### Directions for this task
Below are entries. Give back exactly the lines from the one containing "as they play." through the one containing "- colour(s): base", inclusive, without the pictures.

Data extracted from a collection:
'''

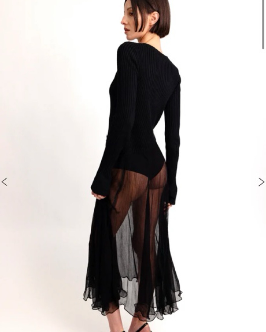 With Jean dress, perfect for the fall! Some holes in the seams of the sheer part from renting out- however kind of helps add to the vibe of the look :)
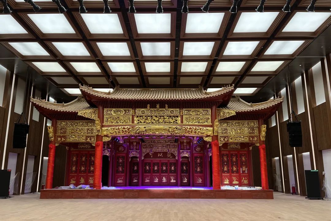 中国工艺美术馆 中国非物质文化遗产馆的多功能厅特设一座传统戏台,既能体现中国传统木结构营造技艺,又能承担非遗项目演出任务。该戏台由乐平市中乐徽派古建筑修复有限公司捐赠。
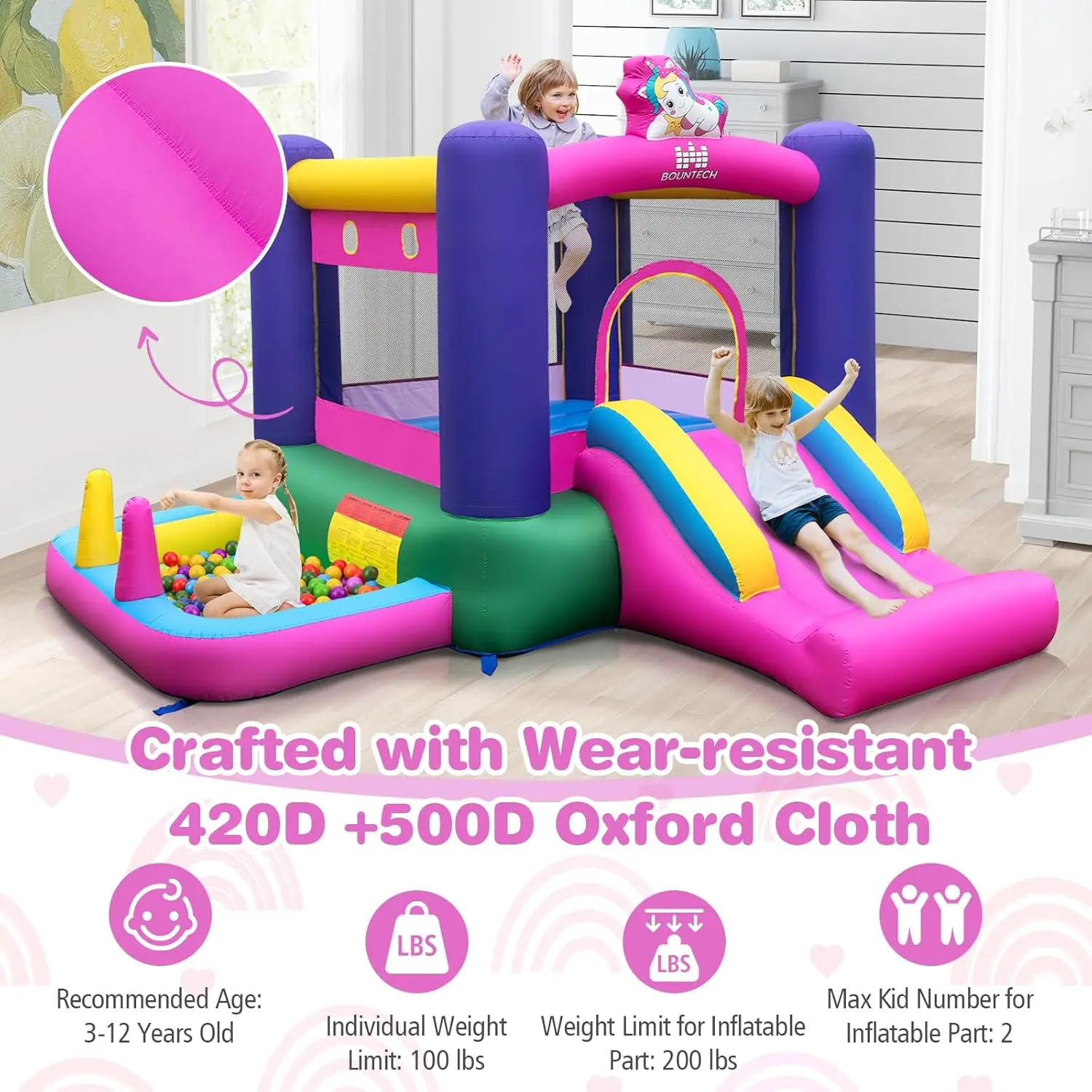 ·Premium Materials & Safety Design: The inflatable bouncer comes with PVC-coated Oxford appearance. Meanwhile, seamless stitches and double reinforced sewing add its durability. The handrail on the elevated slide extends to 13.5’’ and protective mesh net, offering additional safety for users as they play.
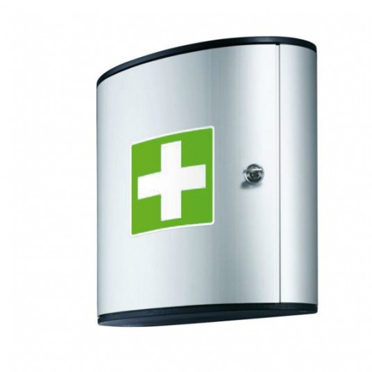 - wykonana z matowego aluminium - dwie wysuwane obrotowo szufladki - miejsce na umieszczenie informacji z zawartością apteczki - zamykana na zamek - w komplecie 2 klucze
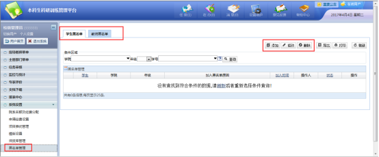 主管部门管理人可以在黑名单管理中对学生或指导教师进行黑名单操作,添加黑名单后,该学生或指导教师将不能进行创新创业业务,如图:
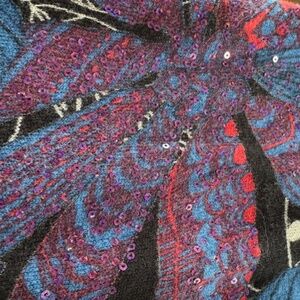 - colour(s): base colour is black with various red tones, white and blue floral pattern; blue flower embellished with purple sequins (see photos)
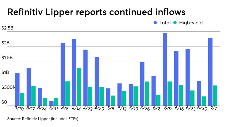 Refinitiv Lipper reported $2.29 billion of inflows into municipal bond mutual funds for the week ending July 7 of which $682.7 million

'''

### Exercise answer
 ·Premium Materials & Safety Design: The inflatable bouncer comes with PVC-coated Oxford appearance. Meanwhile, seamless stitches and double reinforced sewing add its durability. The handrail on the elevated slide extends to 13.5’’ and protective mesh net, offering additional safety for users as they play.
 - wykonana z matowego aluminium - dwie wysuwane obrotowo szufladki - miejsce na umieszczenie informacji z zawartością apteczki - zamykana na zamek - w komplecie 2 klucze
 主管部门管理人可以在黑名单管理中对学生或指导教师进行黑名单操作,添加黑名单后,该学生或指导教师将不能进行创新创业业务,如图:
 - colour(s): base colour is black with various red tones, white and blue floral pattern; blue flower embellished with purple sequins (see photos)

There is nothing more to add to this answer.